Oireachtas Joint and Select Committees
Wednesday, 24 January 2018
Joint Oireachtas Committee on Agriculture, Food and the Marine
Special Reports on EU Support for Young Farmers and the Rural Affairs Programme: European Court of Auditors
12:10 pm
Mr. Janusz Wojciechowski:
This is the second report about our evaluation of the young farmers support scheme. This report was published in June last year. It was presented in the European Parliament before two committees, namely, the Committee on Agriculture and Rural Development and the Committee on Budgetary Control and I will outline the main conclusions. The main target of the young farmers scheme is the generational renewal of European agriculture. However, we did not achieve this goal. There is no generational renewal. This report shows we have very serious problems in European agriculture.
The first problem is the large reduction in the number of farms. In 2005, there were 14.7 million farms in the European Union. In 2013, it was only 10.5 million farms and the number now is approximately 10 million. In the European Union, we lose 1,000 farms each day. This is the tempo of reduction in numbers. Of course, it is possible to say we have bigger, stronger farms. However, there is the question of what should be the end of this process.
How many farms will there be in the long-term future? That was the first observation.
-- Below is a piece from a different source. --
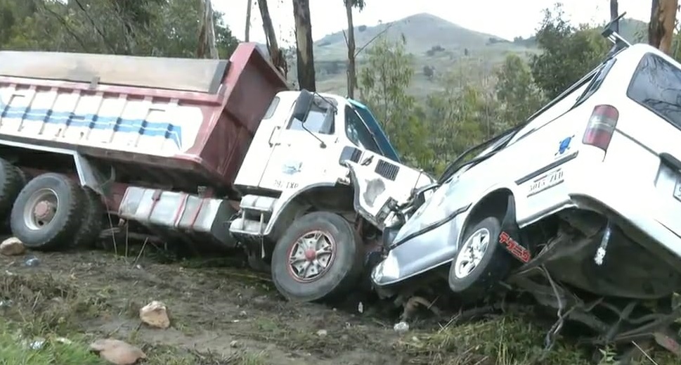 “Por razones que estamos investigando una volqueta colisiona con un minibús, de una empresa de transporte del lugar, lastimosamente hemos sufrido la muerte del conductor del minibús que por el impacto ha fallecido ya en el lugar y por los graves daños estructurales que habría sufrido el minibús los pasajeros han quedado atriccionados dentro de este vehículo, gracias a la oportuna intervención de los transeúntes, de personas que estaban pasando por este lugar, así como la pronta respuesta de nuestras unidades de emergencia se ha podido evacuar a tres heridos a diferentes centros hospitalarios”, informó el subdirector de Tránsito, Cnl. Marcelo Gómez.

The slide on display shows the results of young farmers support in the period 2005-13. The blue line shows the number of young farmers, statistically defined as under 45 under the EUROSTAT category, in the European Union. The number of such farmers was 3.3 million in 2005 and by 2013, it was 2.3 million. That is 1 million young farmers fewer than before. The red line is the average size of farms. While that has increased a little, the data show that the area of land held by young farmers also was reduced in that they held 57.7 million ha in 2005 and only 51.9 million ha in 2013. There has been a reduction both in the number of young farmers and in the amount of land held by them.
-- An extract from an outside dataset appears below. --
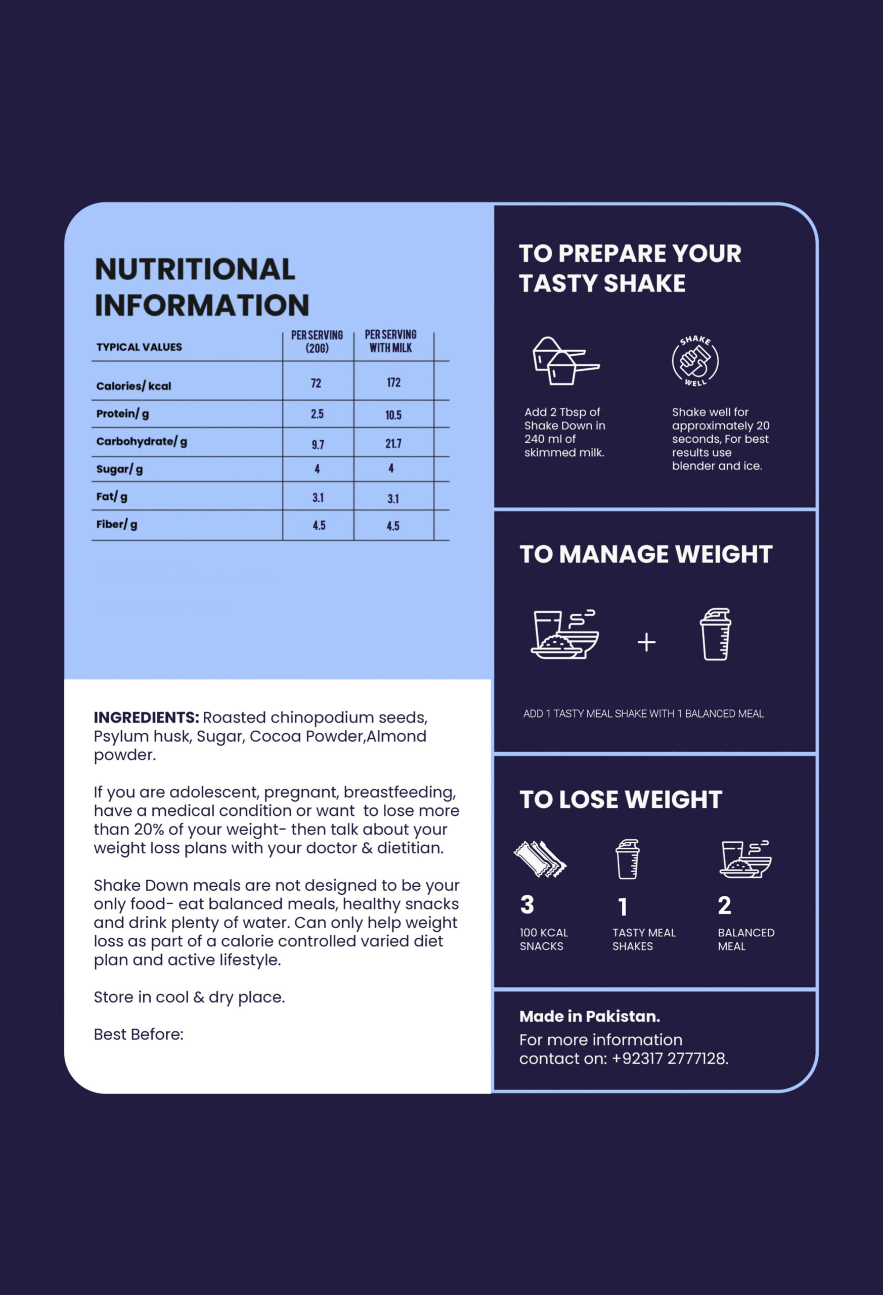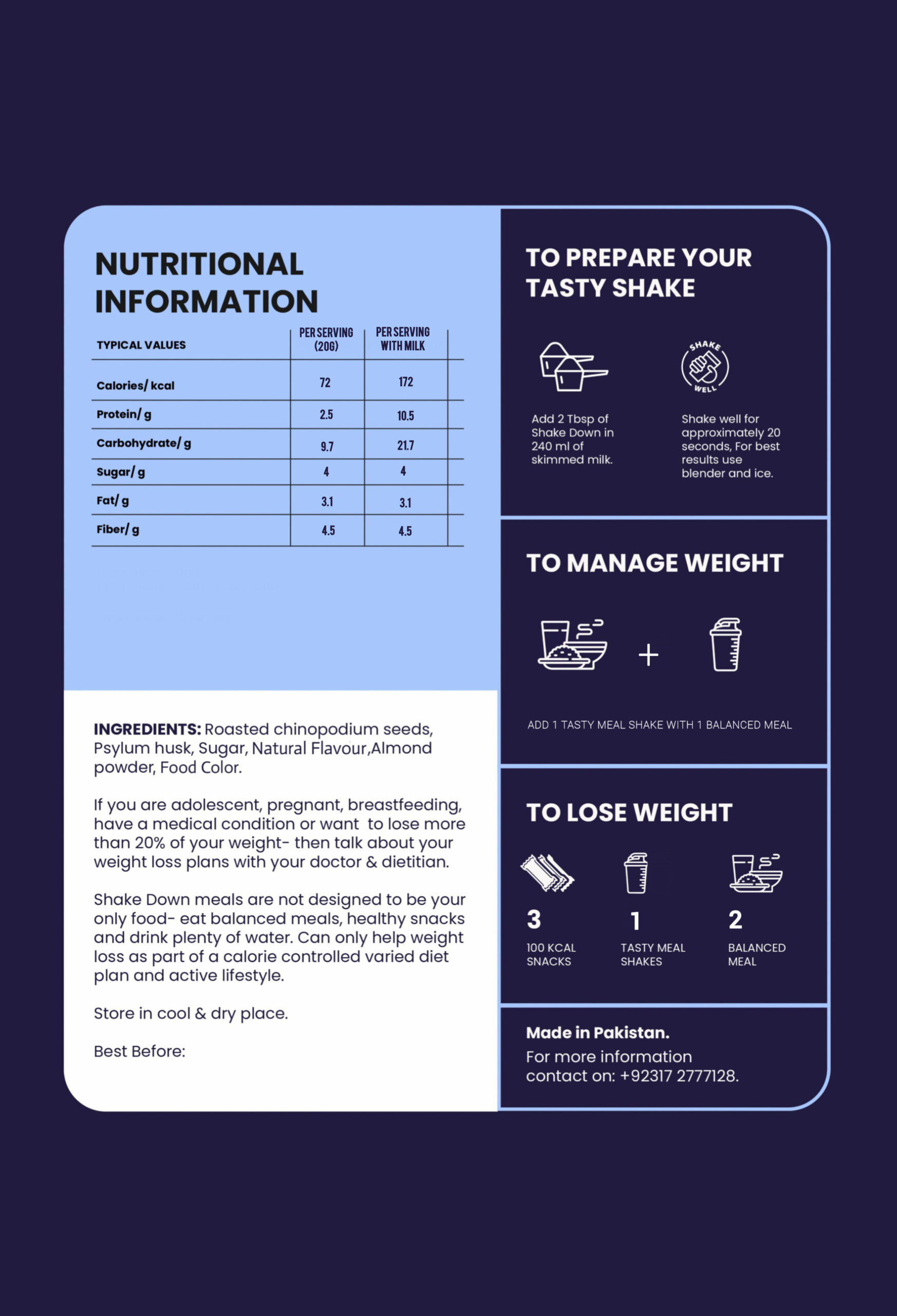 For a more balanced meal, ShakeDown should be consumed with milk or alongside a protein source.

The next slide shows that the number of young farmers fell in a majority of member states, that is, all but two, namely, Romania and Slovenia. The slide on display shows expenditure in the financial period 2007-13, when we spent €3.2 billion. Ireland was not a big beneficiary, as only 800 farmers were supported to the amount of approximately €6 million. In the current programming period, under the first pillar of the new system, for Ireland the amount is roughly €121 million.
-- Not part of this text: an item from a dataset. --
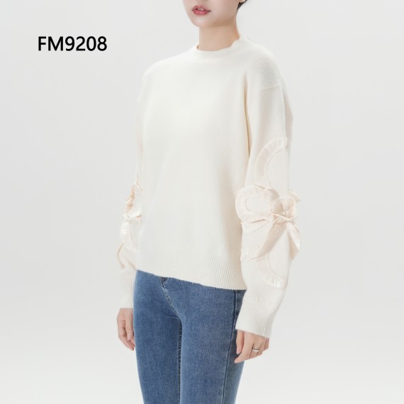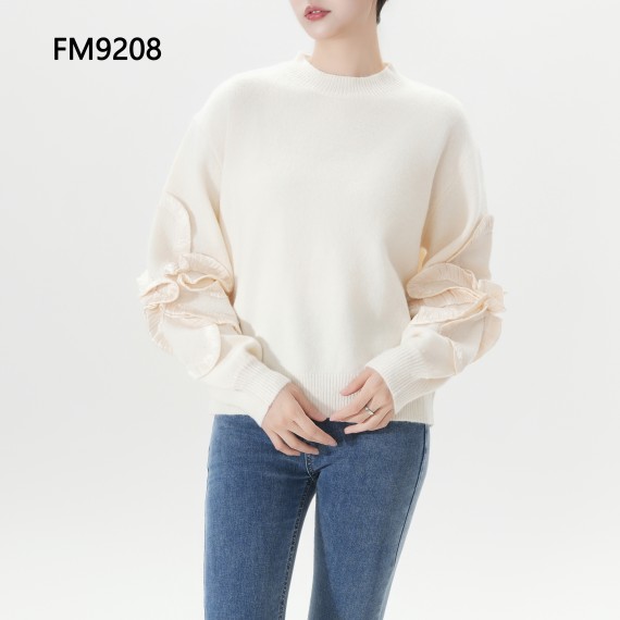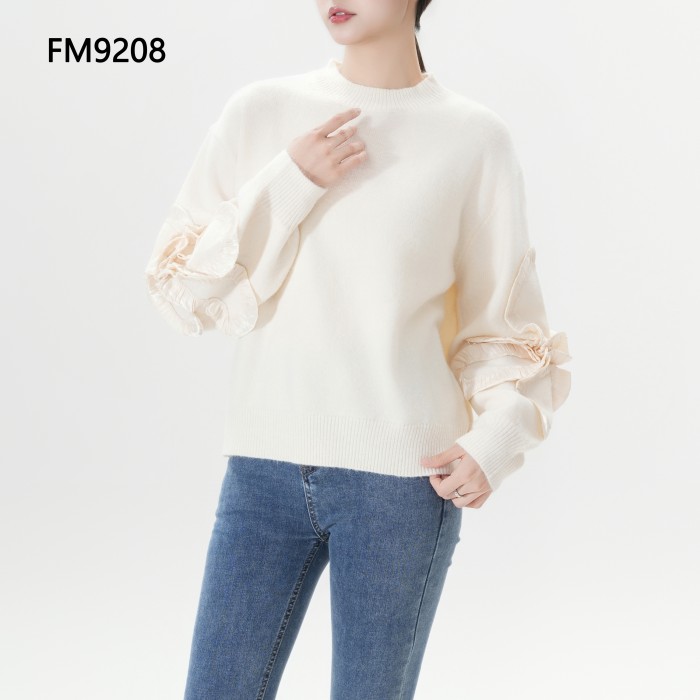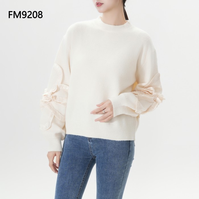 Heavyweight heathered sweater with embroidered flowers on sleeves

The next slide contains very interesting data on the generational situation in European agriculture. The problem is that 80% of European farmers are over 45. They are not young as per the statistical category. One third of farmers are older than 65. There are only two member states in which the percentage of youngest farmers, that is, those under 35, is greater than 10%, namely, Austria and Poland. On the right hand side of the slide, we can see the percentage of farmers older than 65. This figure is under 10% in only three member states, namely, Germany, Austria and Poland. As for the situation in Ireland, the youngest farmer figure is 6.3%, while the oldest is 26.5%. That is better than the average but there is a problem in that there is no improvement in the generational situation in Irish farming, as is the case in the majority of member states. Portugal was a big beneficiary of the young farmers support. It has more than 50% of farmers who are over 65. The slide on display shows that we have different situations in different member states. It is not a good idea to propose the same solution for them when the situations are absolutely different. The slide on display shows that expenditure for 2001-13 was €3.2 billion in Pillar 2. In this programming period, we have €3.8 billion in Pillar 2 and €2.6 billion in Pillar 1 for the young farmers.
The slide on display provides examples from our report that illustrate the lack of logic of intervention. The examples are from my country, Poland, and from Italy. This is not a criticism of the member states but of the logic of intervention. In Poland, for example, a farmer holding more than 500 ha received €100,000 as a direct payment and an additional €3,000 as a young farmers payment. What is the impact for generational renewal? There was no reason for the payment. Was he a new farmer or was he in need of an incentive to stay in agriculture? No. While it was good for that farmer's additional income, there was no link to generational renewal. In Italy, it was the case that a company was supported by the young farmers scheme because one of the shareholders was young, even though he was not an active farmer. This company achieved €8,000 as an additional payment. This is not logical intervention. We criticise this. The target is generational renewal but this is not a good way to achieve it.
As I said yesterday at the Committee on Agriculture and Rural Development of the European Parliament, the main problem of European agriculture is that we plan the Common Agricultural Policy from a seven-year perspective but we need a long-term vision of the development of European agriculture, not over seven years but 27 years. What is our vision of agriculture in 2040 or 2050? We have to start our thinking about this. It is a political question to create this vision. It is not the task of the European Court of Auditors. We can observe, however, that this is the main problem. How many farms should there be in Europe in the long-term future? How big should they be? How many farmers should there be? Should we have industrial farming or organic farming? There should be a clear policy for the future. Maybe Commissioner Hogan will propose something. The lack of a long-term vision for agriculture is the big problem and the big challenge for the European Union.